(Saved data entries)
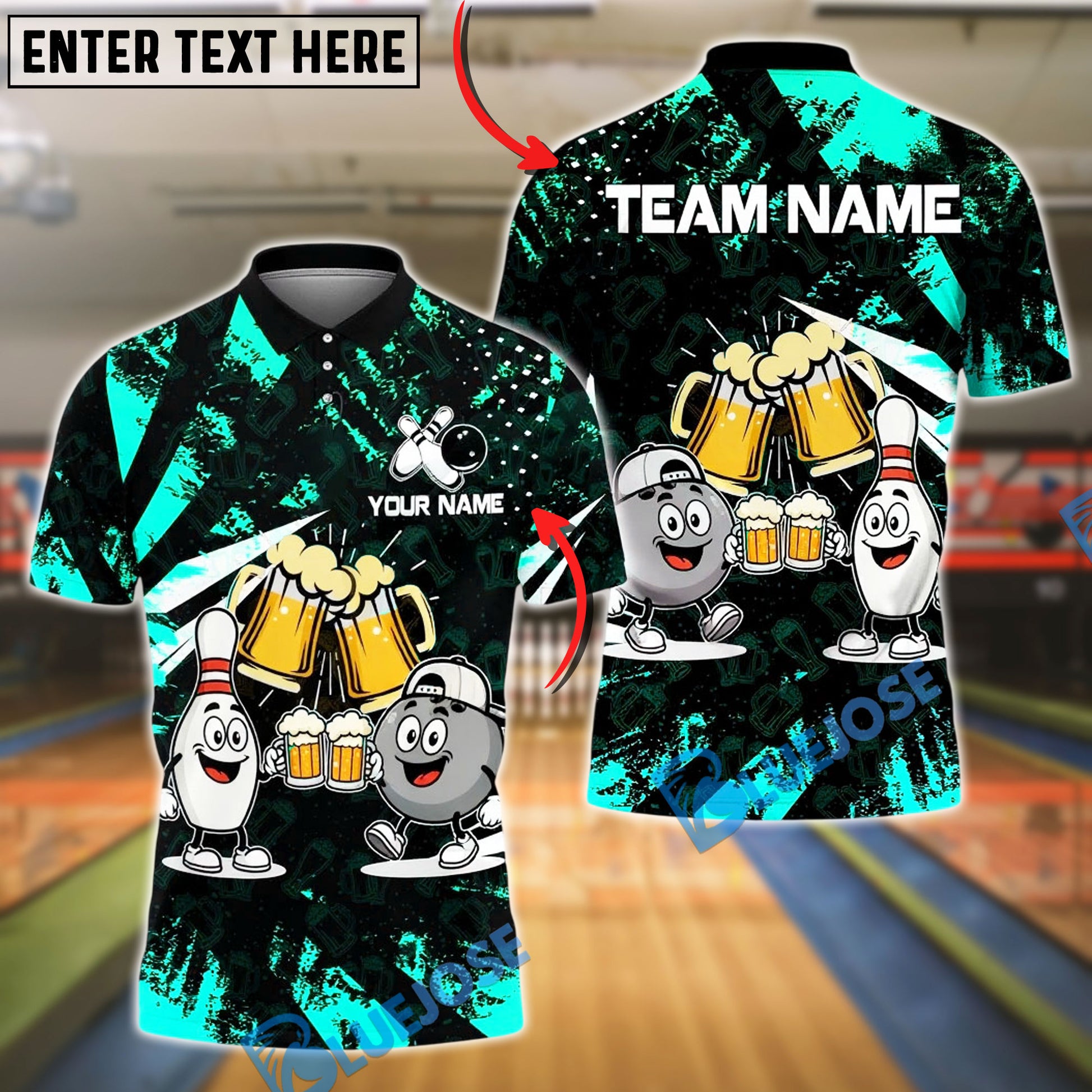 BlueJose Bowling And Pins Funny Beer & Bowling Pins Cartoon Design Customized Name, Team Name 3D Shirt (6 Colors)
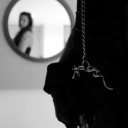 Entraron a la habitación, tenía una cama tamaño King iluminada por una cálida luz roja trasera, ubicada sobre el panel también rojo que adornaba la cama, un pequeño sofá rojo de cuero acompañaba la decoración junto a una mesita central, el baño contaba con una amplia ducha, suficiente para unas 5 personas. Al ingresar, pidieron a Helena que se quitara la ropa y en su lugar usara un traje negro de licra, escotado en pecho y espalda, cerrado alrededor del cuello, con un collar de cuero negro encintado en él – el traje terminaba en forma de body, dejando libres y visibles las piernas blancas y tatuadas de Helena – Una vez se puso el traje, vendaron sus ojos y amarraron sus manos detrás de la espalda con esposas.
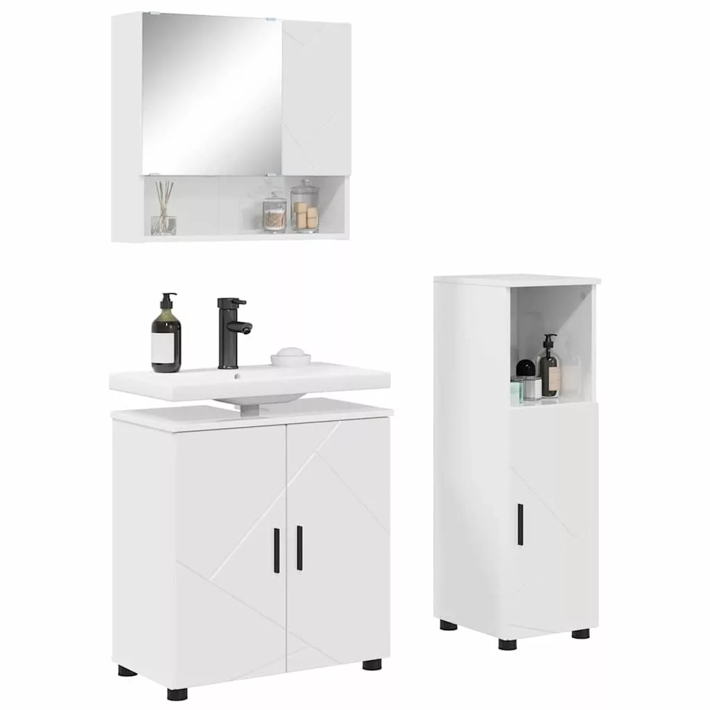 Fürdőszoba bútor szett 3 pcs Magasfényű fehér 61 x 35 x 64 cm
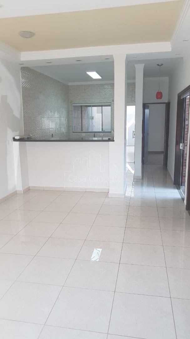 Casa térrea com 3 dormitórios, 1 suíte, pia em travertino, com cuba de vidro, banheiro com box, lavanderia com tanque de porcelana branco. Acabamento de primeira e sanca, área de luz, garagem descoberta para dois carros.
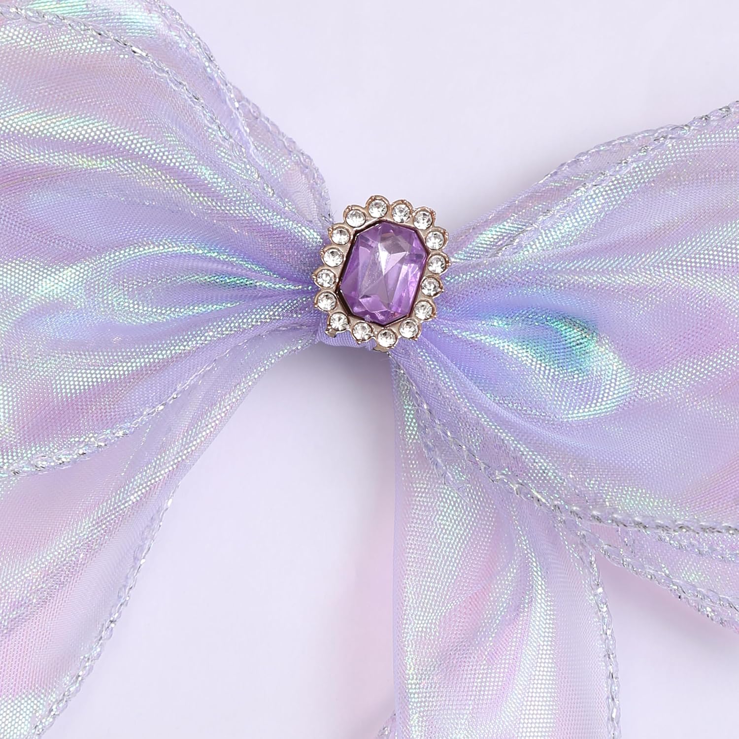 - ELEGANT DESIGN: Set of decorative hair bows featuring crystal and pearl embellishments, with butterfly and crown accents in soft pastel .

WHAT IS BEING ASKED → When you print the entries, keep every line exactly as it is and drop the pictures.

TASK SOLUTION →
 BlueJose Bowling And Pins Funny Beer & Bowling Pins Cartoon Design Customized Name, Team Name 3D Shirt (6 Colors)
 Entraron a la habitación, tenía una cama tamaño King iluminada por una cálida luz roja trasera, ubicada sobre el panel también rojo que adornaba la cama, un pequeño sofá rojo de cuero acompañaba la decoración junto a una mesita central, el baño contaba con una amplia ducha, suficiente para unas 5 personas. Al ingresar, pidieron a Helena que se quitara la ropa y en su lugar usara un traje negro de licra, escotado en pecho y espalda, cerrado alrededor del cuello, con un collar de cuero negro encintado en él – el traje terminaba en forma de body, dejando libres y visibles las piernas blancas y tatuadas de Helena – Una vez se puso el traje, vendaron sus ojos y amarraron sus manos detrás de la espalda con esposas.
 Fürdőszoba bútor szett 3 pcs Magasfényű fehér 61 x 35 x 64 cm
 Casa térrea com 3 dormitórios, 1 suíte, pia em travertino, com cuba de vidro, banheiro com box, lavanderia com tanque de porcelana branco. Acabamento de primeira e sanca, área de luz, garagem descoberta para dois carros.
 - ELEGANT DESIGN: Set of decorative hair bows featuring crystal and pearl embellishments, with butterfly and crown accents in soft pastel .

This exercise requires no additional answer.